The rest of the menu is listed in a laminated, spiral-bound album with professional photos. Inka Mama's does a formidable plate of tallarin verde, a bastardized dish of Italian spaghetti coated in a viscous sauce made with spinach and basil so Hulk-green it's like pesto times 10. That's eaten in concert with a spice-blasted, breaded chicken breast called an apanado that blankets the mound. The fillet is pounded so thin it tears off with just a tug and is more tender and juicy than a piece of white meat chicken has any business being. Its Bizarro World cousin is found in the specialties list: the estofado, in which the chicken is pan-sautéed instead of deep-fried and drenched in a sauce just as green, but made with garlic and cilantro.

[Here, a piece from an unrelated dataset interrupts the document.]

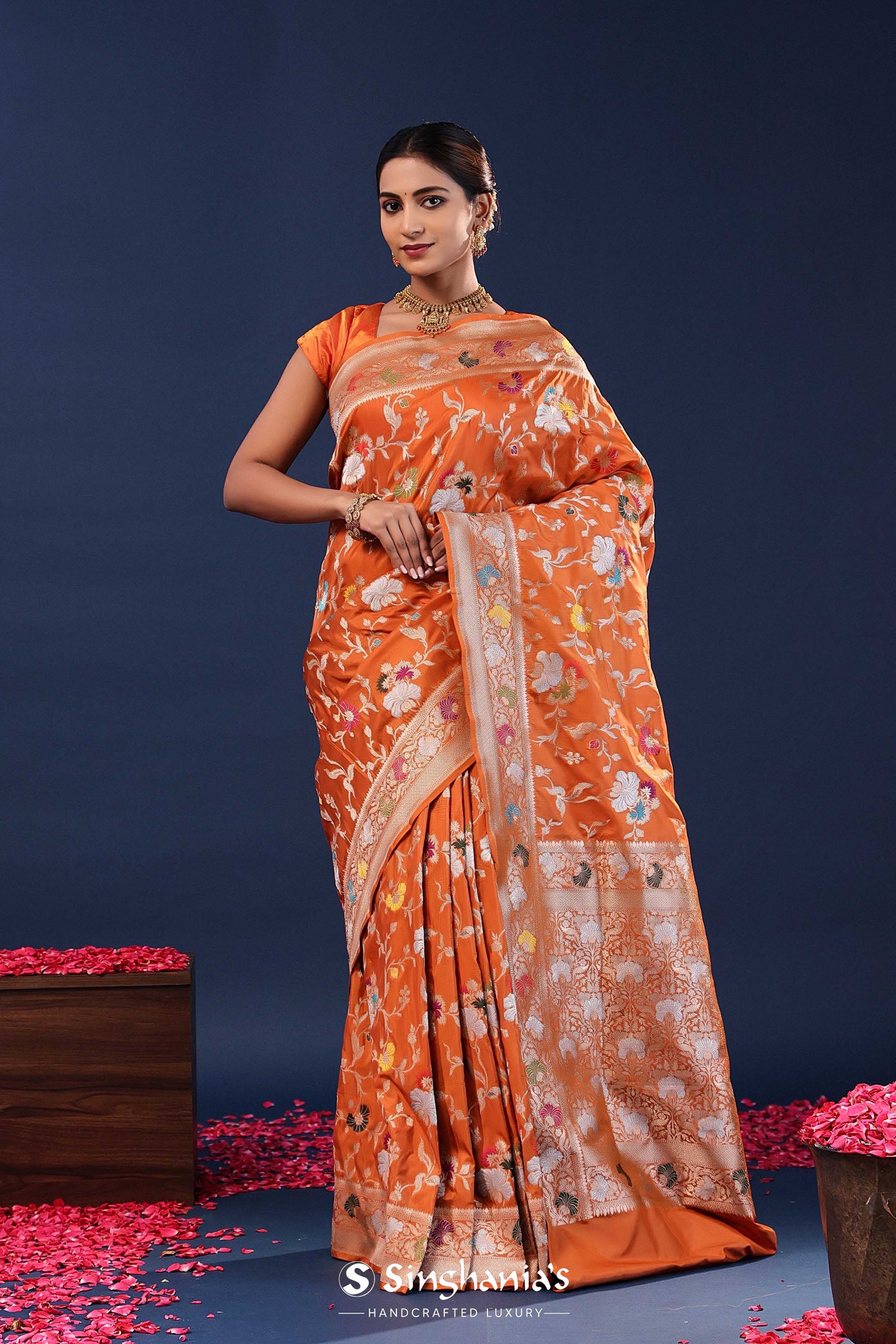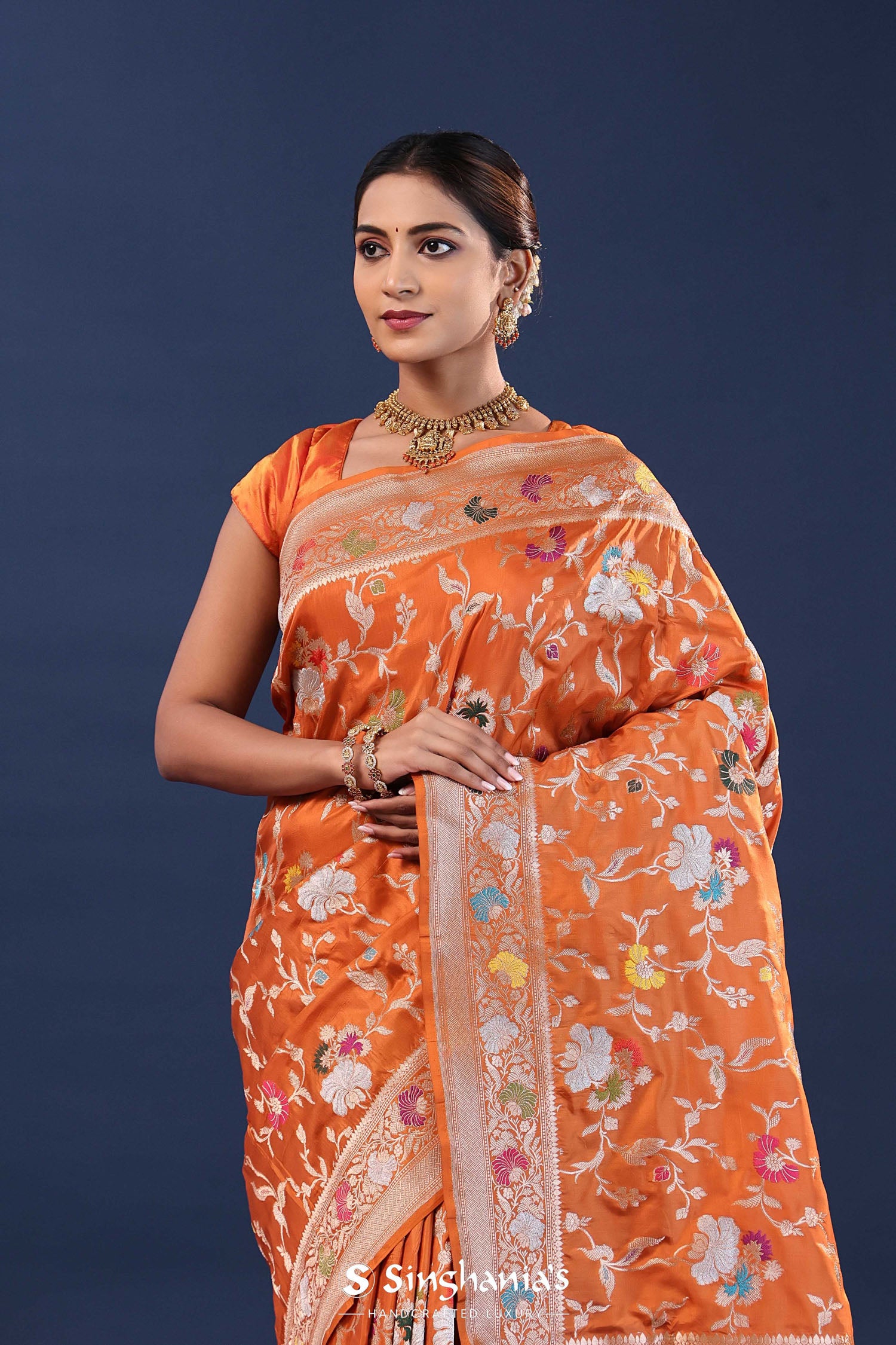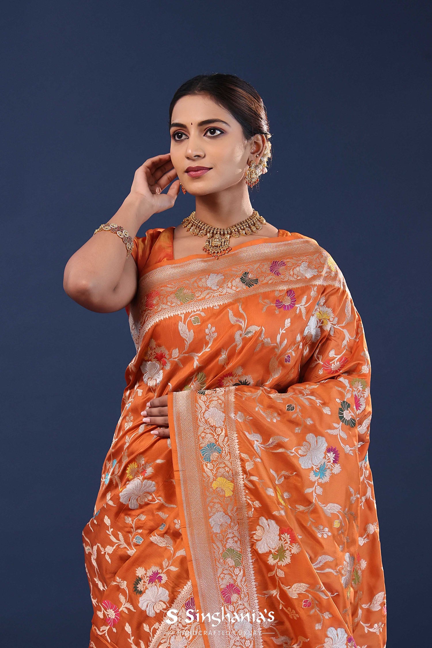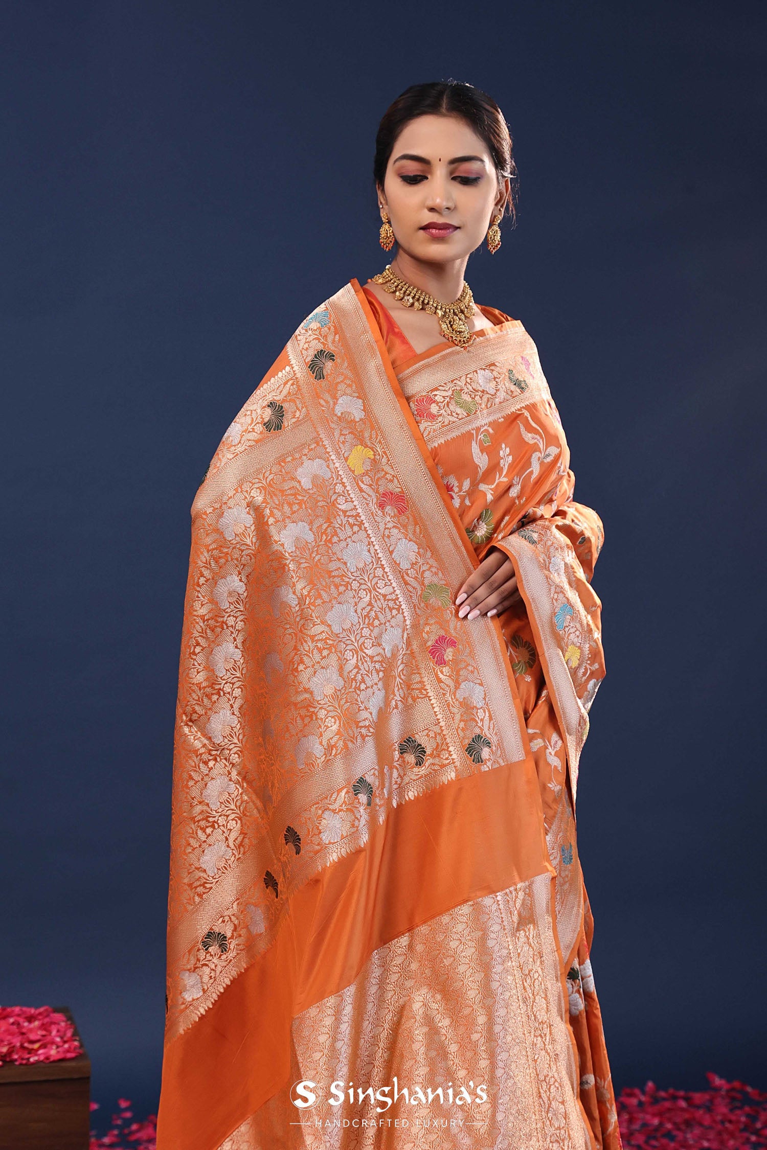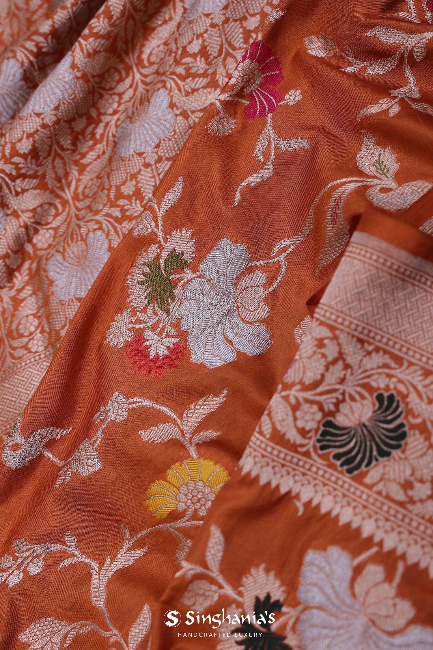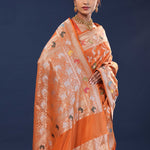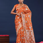Burnt Orange Banarasi Saree With Meenakari Jaal

Inka Mama's ceviche is also very good. The fingers of white fish, wiggles of squid and shrimp are acid-firmed by not only lime juice, but also a yellow-tinted, chile-inflected liquid that could function as a spicy chaser to tequila. It's listed as an appetizer, but as with everything here, it's portioned as a meal and grounded by boiled potatoes, yams and a sprinkling of crunchy cancha. Get this over the jalea, which has the same list of sea critters battered and deep-fried, but is bogged down with sarza criolla and pickled onion that turn everything into a mess as soggy as newspapers left out in the rain.
When you're ready for something that will really stick to your ribs, try the rendition of aji de gallina. It's as thick as Spackle®, with shredded, white-meat chicken embedded in a slow-moving, yellow sauce made with Peruvian aji amarillo, ground walnuts and cream. If it weren't coupled with boiled potatoes and black olives to temper its richness, you could almost spread it on toast and make a hell of a chicken-salad sandwich. Or try the causa, an appetizer made of chicken salad layered with perhaps too much raw onion in a cylindrical tower of seasoned, lukewarm mashed potatoes.
Those new to the restaurant should also consider the Piqueo Andino, a gigantic sampler plate of patiently braided empanadas bursting meat juice, a dense tamal, papa a la huancaina and ruddy piles of boneless fried chicken the Peruvians call chicharrón. It's one of the most expensive offerings at Inka Mama's, but if you're a Peruvian-food virgin, this platter is second only to saltado as the best way to learn about this great cuisine—and if you're trying Peruvian for the first time, did you just fall from the turnip truck?